[Start of Attachment]

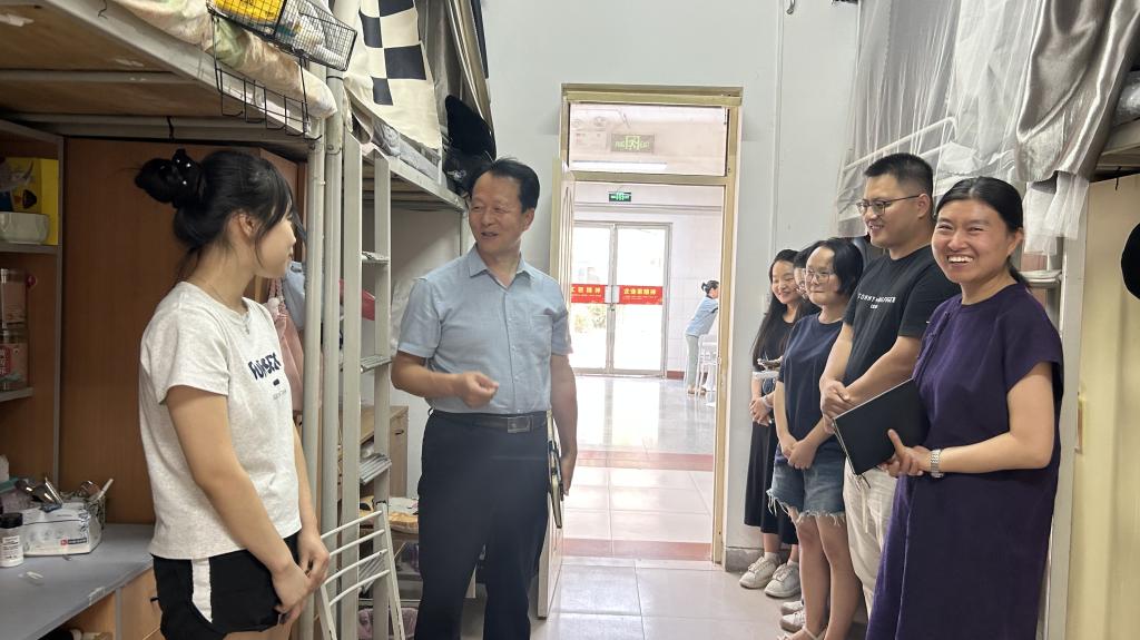 在学生公寓,于建伟与学生亲切交流,全面了解学生思想动态、学习情况、生活需求。针对专业学习、生涯规划、深造去向等具体问题给予学生指导,鼓励同学们积极面对挑战,合理规划未来发展方向,刻苦学习,练就过硬本领。
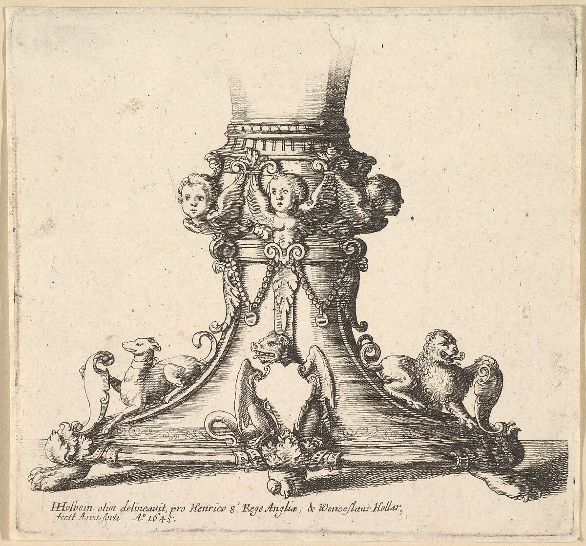 Base of an ornate cup, featuring three putti and three animals holding shields. greyhound at left, dragon at centre, lion at right; cup partly erased above; after Hans Holbein
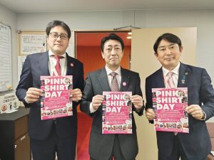 選挙が終われば、2/26に登壇予定の本会議一般質問に向け全集中。自分は毎年2月定例会が一般質問の担当なのですが、前年度は9月に代表質問を担当したため一般質問は一回休みとなり、今回は2年振りの一般質問となりました。これまでは6~7項目の質問を行っていたのですが、今回は地元ネタや陳情ネタなど、ちょっと欲張って8項目の質問を行いました。こちらの内容は、また改めてご報告させていただく予定です。そんな中、2/25は「ピンクシャツDAY」。今年も『いじめ撲滅』を目指し、全ての議員がピンクの物を身に着け本会議に臨みました。毎年「ピンク似合いますね」と言われ、喜んでいいのかわからずリアクションに困っています…。
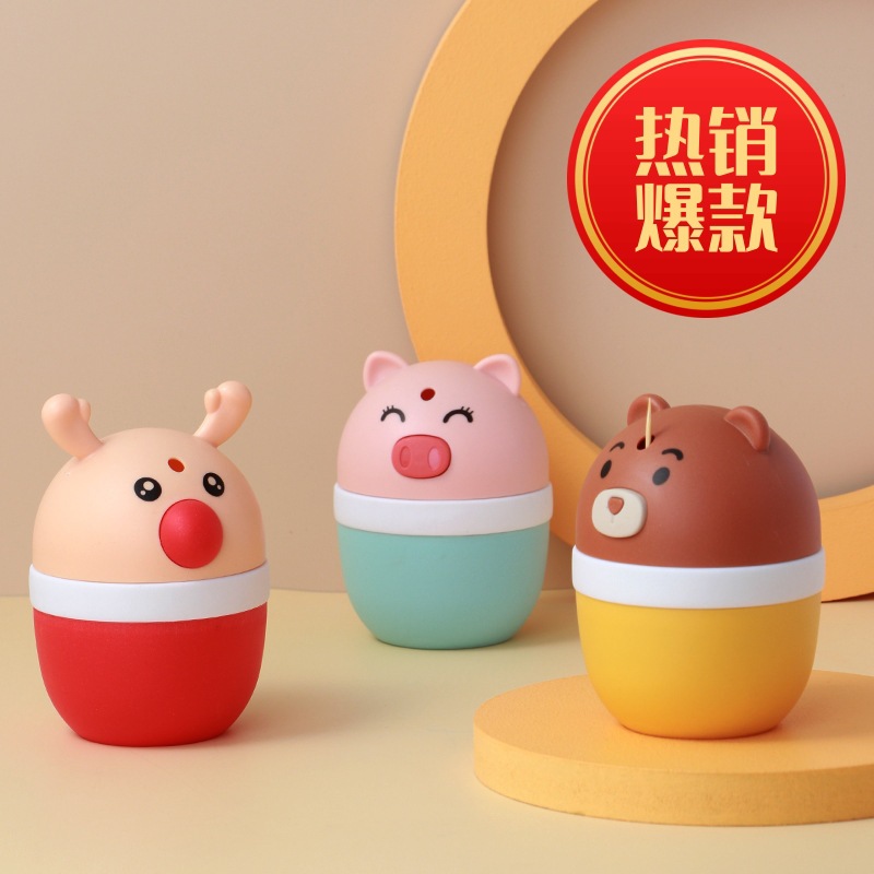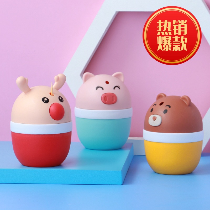 1688漫画かわいいヘラジカつまようじボックスクリエイティブプッシュ式つまようじホルダーホームホテルつまようじ瓶つまようじバケツつまようじボトル
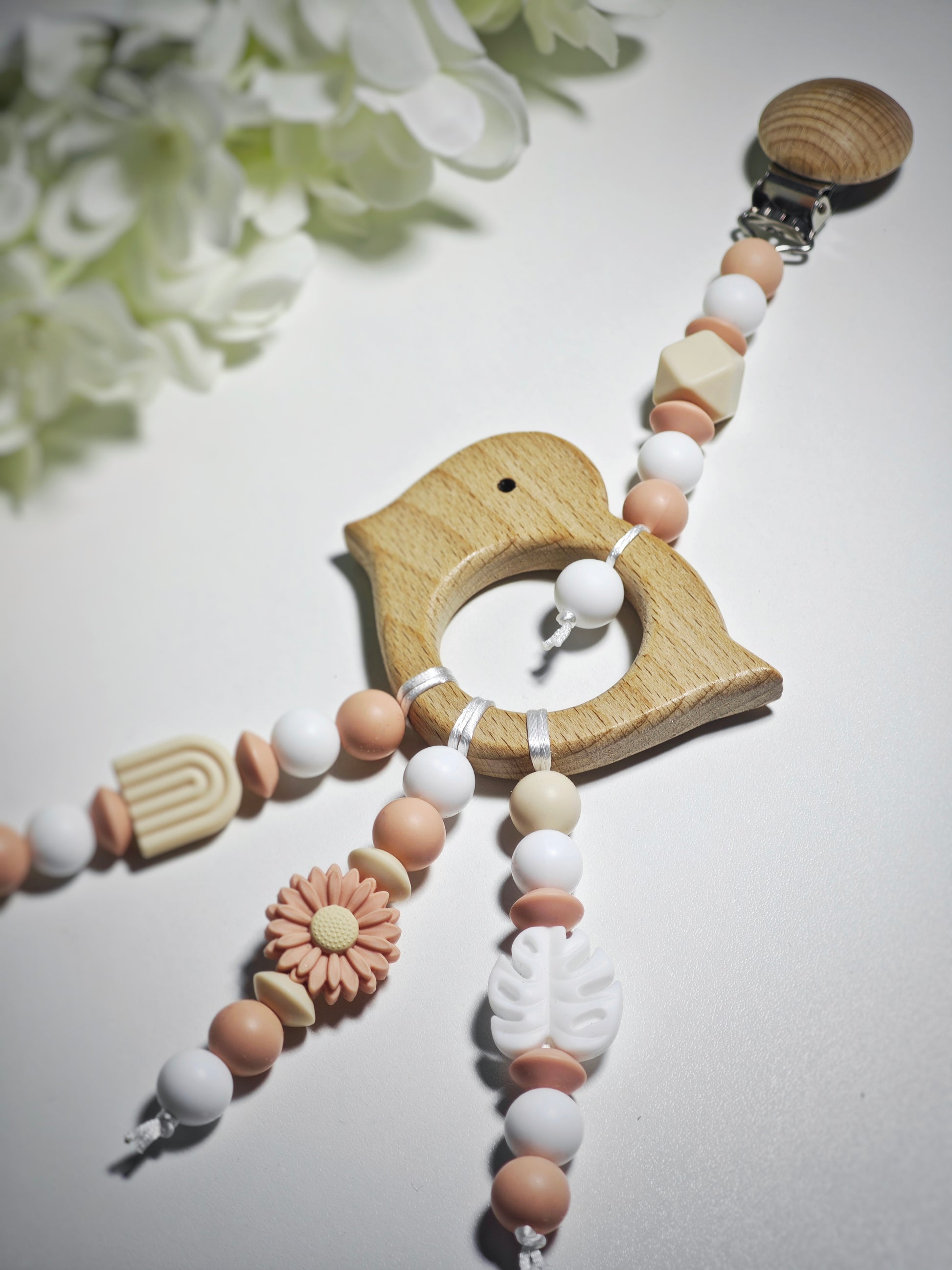 Rankų darbo pakabinamas žaisliukas ant vėžimėlio , automobilio kedutės lovytės ir t.t . Lavina kūdikio smalsumą, regą ir motoriką, ramina kelionės metu ir padeda išvengti nuobodulio. Kiekvienas žaislas pagamintas iš maistinio silikono bei natūralios medienos, todėl yra visiškai saugus kūdikiui.

[End of Attachment]

*PROBLEM DESCRIPTION:*
Copy the lines from the line that contains "Base of an ornate" through the end of the records, exactly and with nothing added; leave the pictures out.

*TASK ANSWER:*
 Base of an ornate cup, featuring three putti and three animals holding shields. greyhound at left, dragon at centre, lion at right; cup partly erased above; after Hans Holbein
 選挙が終われば、2/26に登壇予定の本会議一般質問に向け全集中。自分は毎年2月定例会が一般質問の担当なのですが、前年度は9月に代表質問を担当したため一般質問は一回休みとなり、今回は2年振りの一般質問となりました。これまでは6~7項目の質問を行っていたのですが、今回は地元ネタや陳情ネタなど、ちょっと欲張って8項目の質問を行いました。こちらの内容は、また改めてご報告させていただく予定です。そんな中、2/25は「ピンクシャツDAY」。今年も『いじめ撲滅』を目指し、全ての議員がピンクの物を身に着け本会議に臨みました。毎年「ピンク似合いますね」と言われ、喜んでいいのかわからずリアクションに困っています…。
 1688漫画かわいいヘラジカつまようじボックスクリエイティブプッシュ式つまようじホルダーホームホテルつまようじ瓶つまようじバケツつまようじボトル
 Rankų darbo pakabinamas žaisliukas ant vėžimėlio , automobilio kedutės lovytės ir t.t . Lavina kūdikio smalsumą, regą ir motoriką, ramina kelionės metu ir padeda išvengti nuobodulio. Kiekvienas žaislas pagamintas iš maistinio silikono bei natūralios medienos, todėl yra visiškai saugus kūdikiui.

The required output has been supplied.